Adapted from a recent online discussion.
Husband flips out over wife's unplanned clothing expense
Q: Wife had an important meeting. That morning, she realized she had no business suit that fit her. (She recently went back to work after second baby.) She proceeded to spend $500 on two suits right before the meeting.
Husband flipped out. Demanded that Wife plan her clothing purchases in the future. Said Wife couldn't possibly like the suits she bought.
Wife is upset that Husband flipped out and isn't supportive. Husband thinks she should get over it because the suddenness of the purchase stunned him, and his feelings matter in this circumstance.
Wife makes a great income at a firm where proper business attire is taken seriously. Family can afford the purchase. It's the perceived lack of foresight that bothers Husband. What are your words of wisdom?

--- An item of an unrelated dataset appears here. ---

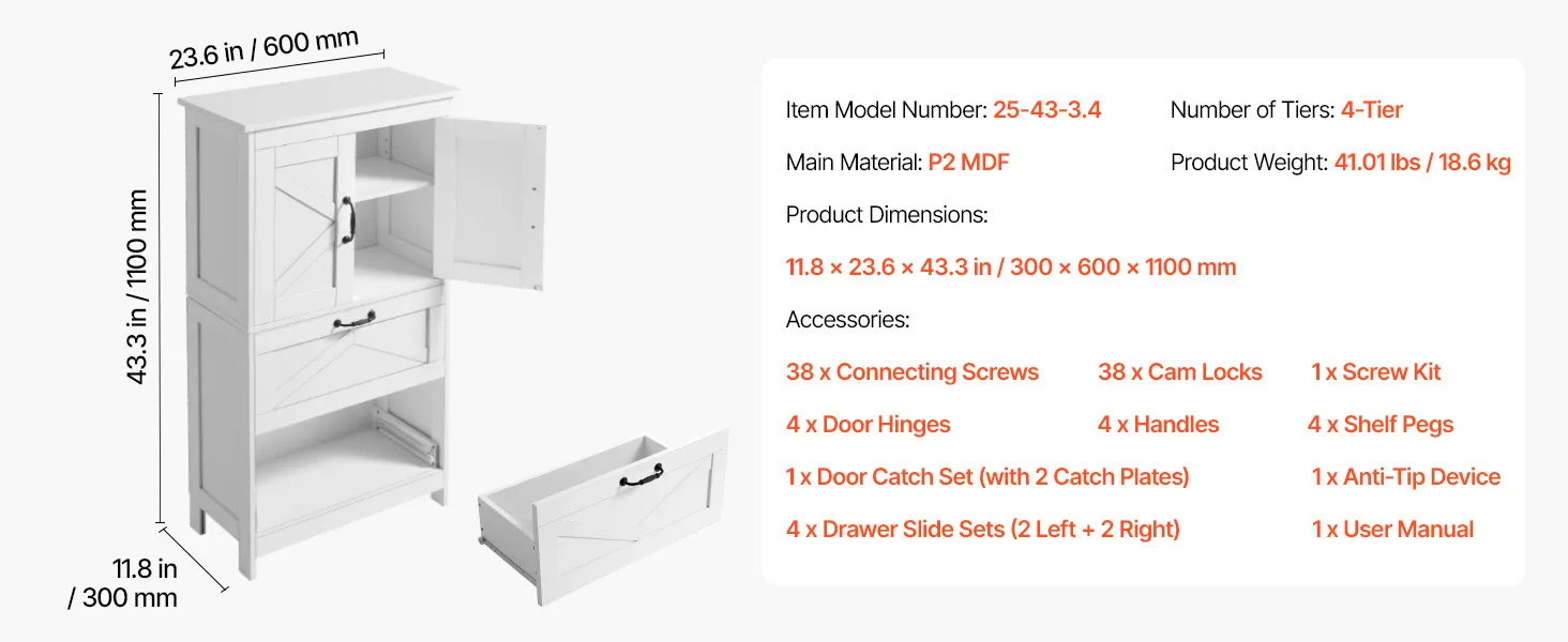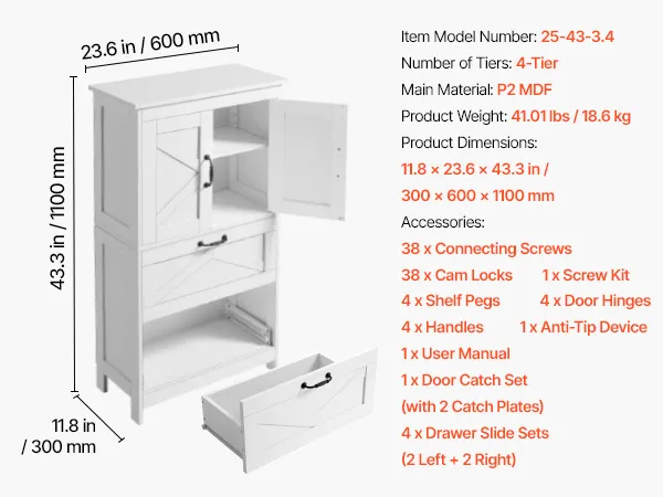 Geräumiger Stauraum: Mit den Maßen 11,8 x 23,6 x 43,3 Zoll (30 x 60 x 110 cm) verfügt dieser Badezimmer-Unterschrank über zwei Schubladen und zwei Ablagen – ideal für Handtücher, Toilettenpapier, Seife, Kosmetika und Duschutensilien. Die offene Oberseite eignet sich hervorragend zur Präsentation von Kunstwerken oder Vasen

Carolyn: I can't think of anything that justifies the husband's flipping out. If there were money stresses, okay, but without them, I've got nutt'n. For an emergency-shopping high-income office worker in a major city, $250 a suit is quite frugal.
If your account is accurate, then his next move is to apologize profusely for the mind-loss and either (a) express mystification at cause of outburst, or (b) express true underlying cause of outburst — stress at work, hidden gambling debts, child care anxieties, general uptightness, whatever.
Anonymous: Is it possible this was the 1,000th time Wife has dealt with an "emergency" that need not have been an emergency? Maybe Wife has been chronically flaky, and this was just the last straw. This doesn't excuse Husband's flip-out, much less his demand that she plan her clothing purchases better, but it might explain it.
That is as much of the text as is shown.